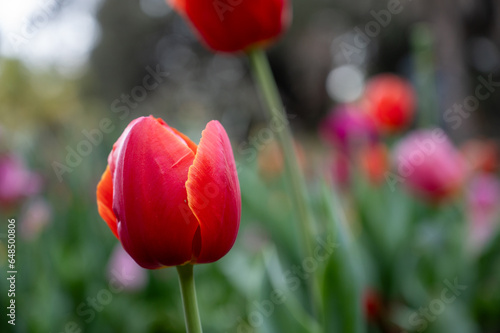 Obraz premium Australian spring time tulip blooming in spring. bright tulip flower field. summer field of flowers. gardening and floristics. nature beauty and freshness
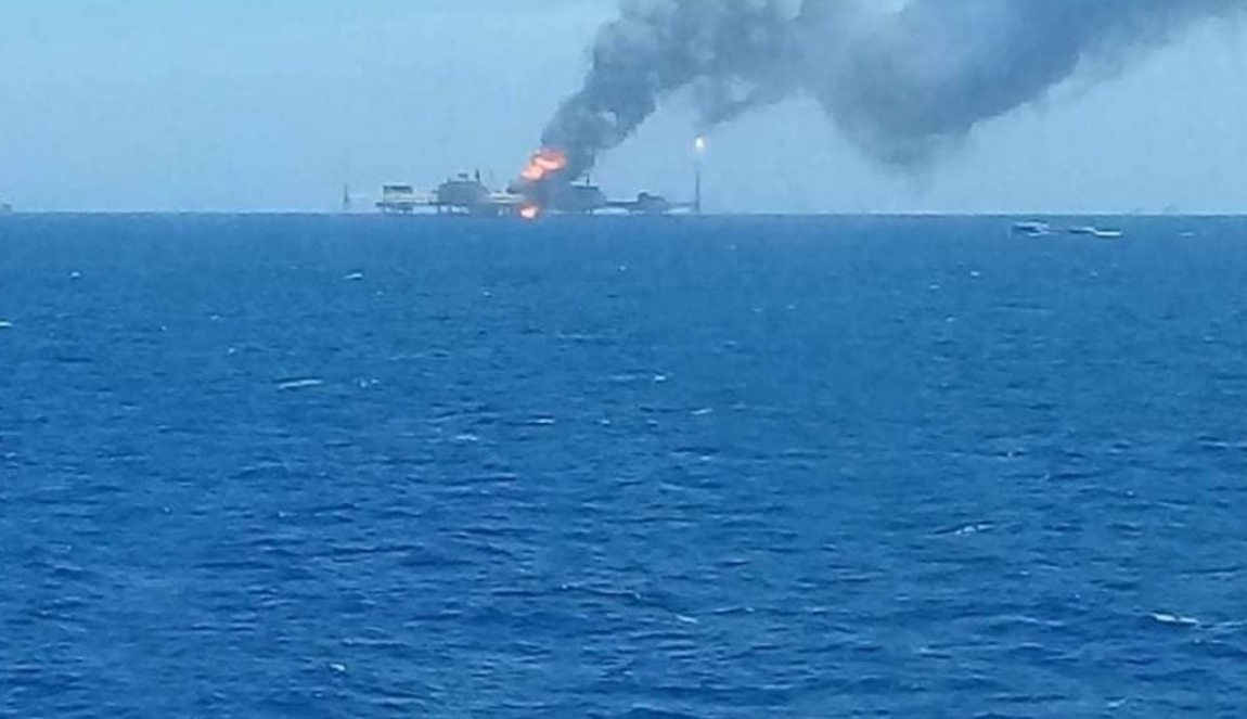 Así se observa el incendio en la plataforma #KuAlfa en la sonda de #Campeche , fuentes extraoficiales reportan 6 personas heridas pic.twitter.com/34rh1XOebP
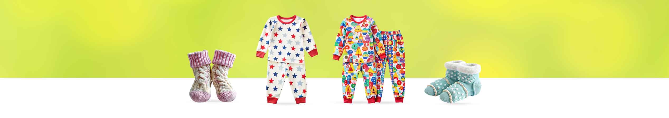 جوراب و لباس خواب، اقلامی نرم و ایمن برای محافظت و راحتی کودک؛ طراحی با پارچههای لطیف و ضد حساسیت برای خواب آرام و روزی راحت.
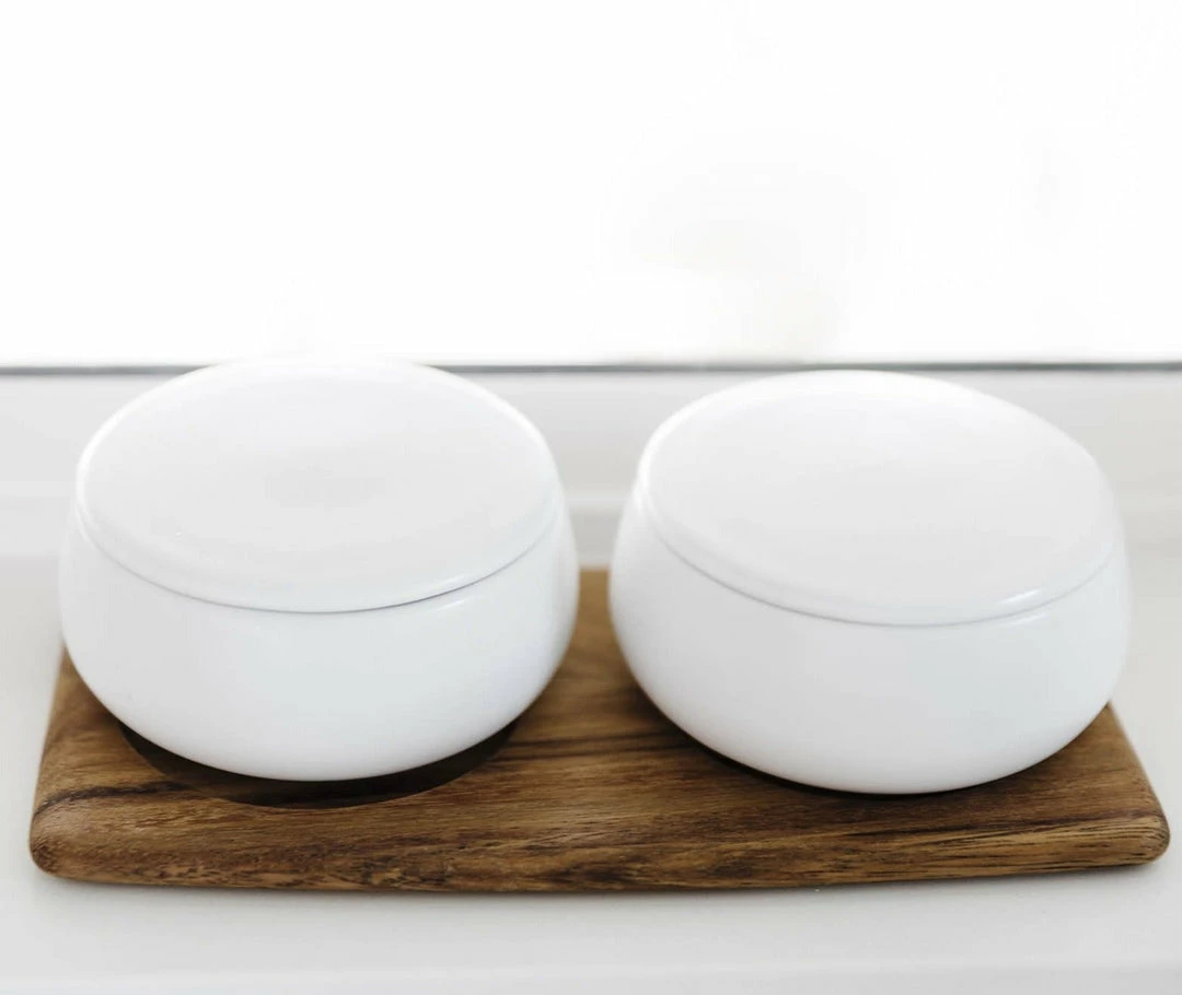 Set of 2, Acacia wood tray and stoneware containers. Microware and dishwasher safe.Β
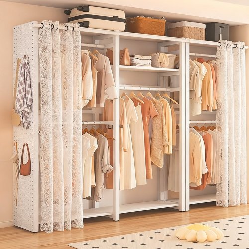 드레스룸 시스템 철제 행거 튼튼한 스탠드 행거 오픈형 조립식 원룸옷장, 2000mm, 흰색(A+C)전면 커튼+양쪽 타공판
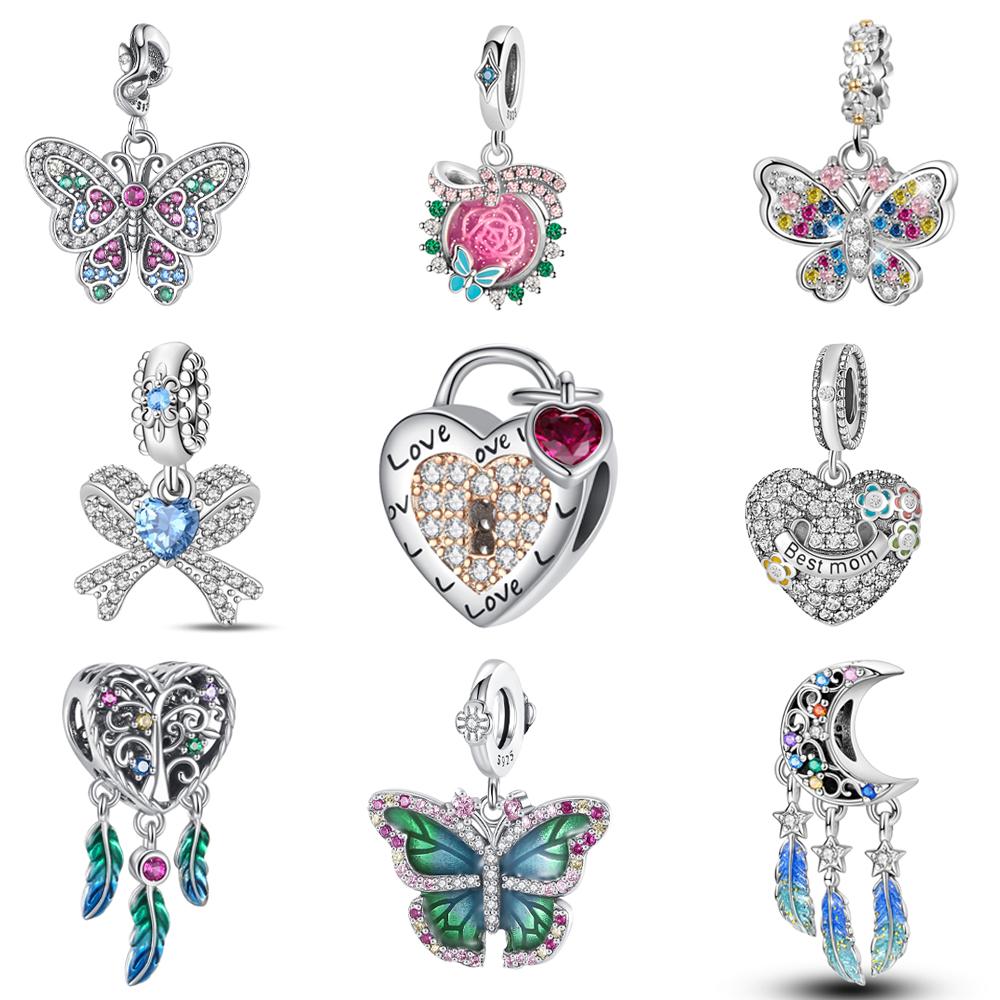 Красочные Медные Блестящие Бусины-Сердечки и Сверкающие Бантики Подвеска Шарм Подходит для Браслета Ожерелья Женские Изысканные Подарки
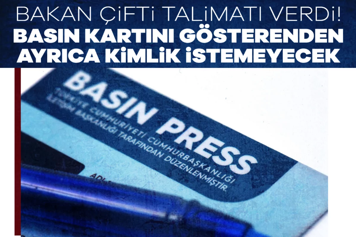 Söz konusu kanun ve yönetmelik hükümlerine göre "resmi kimlik belgesi" statüsüne sahip basın kartlarının kimlik tespiti süreçlerinde kullanıldığına işaret edilen yazıda Bakan Çiftçi, "Bu kapsamda usulüne uygun olarak düzenlenmiş basın kartını ibraz eden kişilerden kolluk birimlerince ayrıca bir kimlik belgesi ibraz etmelerinin istenmemesi" talimatı verdi.
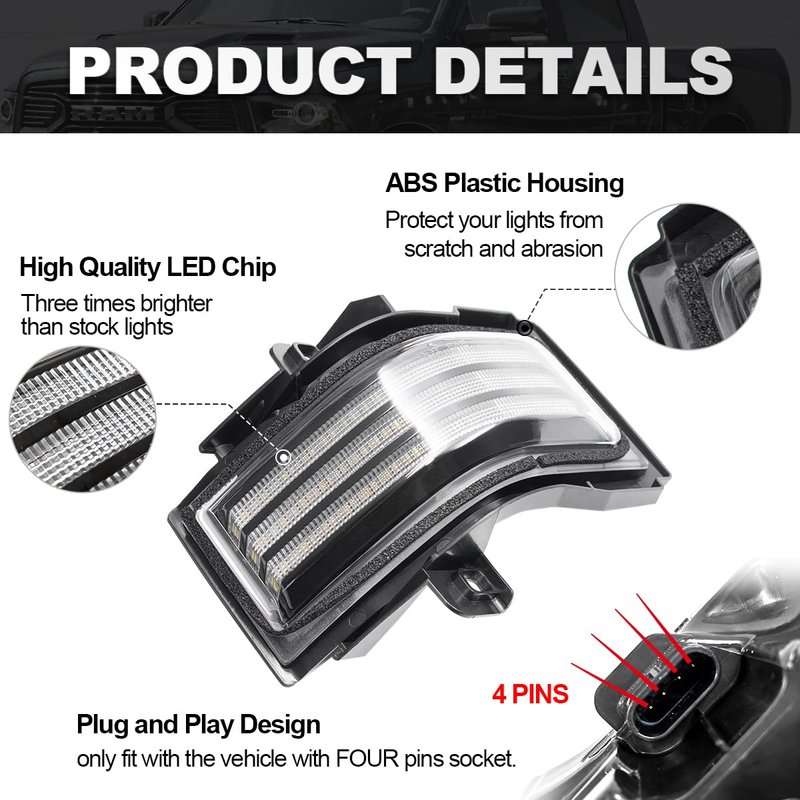 - 【Three Modes Two Colors】Super bright light output, white light for parking lights and daytime running lights, amber light for dynamic sequence flashing turn signals. (Note: Aexploer's light connector socket is the same 4-pin version as the original, with built-in daytime running light & parking light & turn signal function. If your truck rearview mirror does not have built-in parking and daytime running light , That means your light socket is 3-pin, so it doesn't fit your truck)
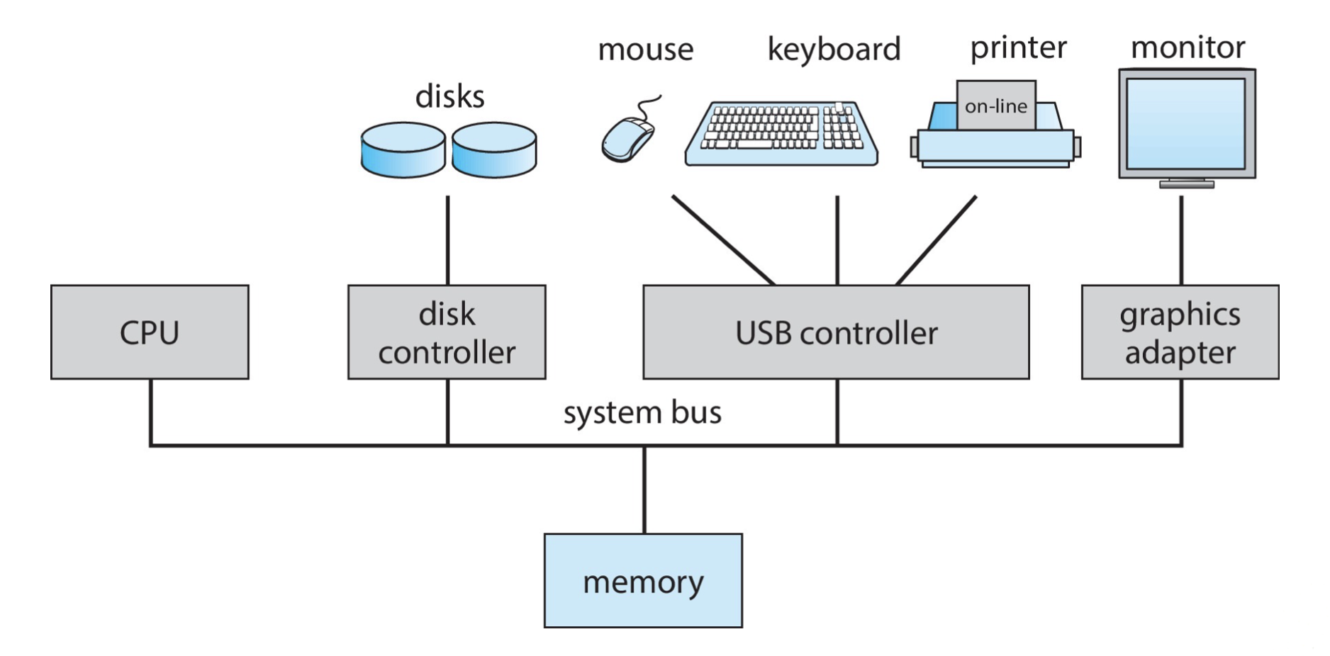 하나 이상의 CPU, 디바이스 컨트롤러는 보통 버스를 통해서 공유된 메모리에 접근한다.
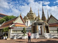 From the market we headed to catch the Bangkok metro to take us to see Wat Pho, better known as the Reclining Buddha, and the Grand Palace, former home to the Thai royal family and government until 1925. While Google Maps does make it fairly easy to figure out which lines to take and where to transfer if needed, I am always thankful for Scott’s willingness and ability to be our de facto navigator when we are in strange lands. When we popped out of the station and onto the street we were immediately swarmed with loud and pushy tuktuk drivers offering us rides to wherever we might possibly want to go. We shouldered through them in search of Wat Pho.

Try it:
Only the pictures are dropped when you print the material; everything else is copied exactly.

Response to the exercise:
 Obraz premium Australian spring time tulip blooming in spring. bright tulip flower field. summer field of flowers. gardening and floristics. nature beauty and freshness
 Así se observa el incendio en la plataforma #KuAlfa en la sonda de #Campeche , fuentes extraoficiales reportan 6 personas heridas pic.twitter.com/34rh1XOebP
 جوراب و لباس خواب، اقلامی نرم و ایمن برای محافظت و راحتی کودک؛ طراحی با پارچههای لطیف و ضد حساسیت برای خواب آرام و روزی راحت.
 Set of 2, Acacia wood tray and stoneware containers. Microware and dishwasher safe.Β
 드레스룸 시스템 철제 행거 튼튼한 스탠드 행거 오픈형 조립식 원룸옷장, 2000mm, 흰색(A+C)전면 커튼+양쪽 타공판
 Красочные Медные Блестящие Бусины-Сердечки и Сверкающие Бантики Подвеска Шарм Подходит для Браслета Ожерелья Женские Изысканные Подарки
 Söz konusu kanun ve yönetmelik hükümlerine göre "resmi kimlik belgesi" statüsüne sahip basın kartlarının kimlik tespiti süreçlerinde kullanıldığına işaret edilen yazıda Bakan Çiftçi, "Bu kapsamda usulüne uygun olarak düzenlenmiş basın kartını ibraz eden kişilerden kolluk birimlerince ayrıca bir kimlik belgesi ibraz etmelerinin istenmemesi" talimatı verdi.
 - 【Three Modes Two Colors】Super bright light output, white light for parking lights and daytime running lights, amber light for dynamic sequence flashing turn signals. (Note: Aexploer's light connector socket is the same 4-pin version as the original, with built-in daytime running light & parking light & turn signal function. If your truck rearview mirror does not have built-in parking and daytime running light , That means your light socket is 3-pin, so it doesn't fit your truck)
 하나 이상의 CPU, 디바이스 컨트롤러는 보통 버스를 통해서 공유된 메모리에 접근한다.
 From the market we headed to catch the Bangkok metro to take us to see Wat Pho, better known as the Reclining Buddha, and the Grand Palace, former home to the Thai royal family and government until 1925. While Google Maps does make it fairly easy to figure out which lines to take and where to transfer if needed, I am always thankful for Scott’s willingness and ability to be our de facto navigator when we are in strange lands. When we popped out of the station and onto the street we were immediately swarmed with loud and pushy tuktuk drivers offering us rides to wherever we might possibly want to go. We shouldered through them in search of Wat Pho.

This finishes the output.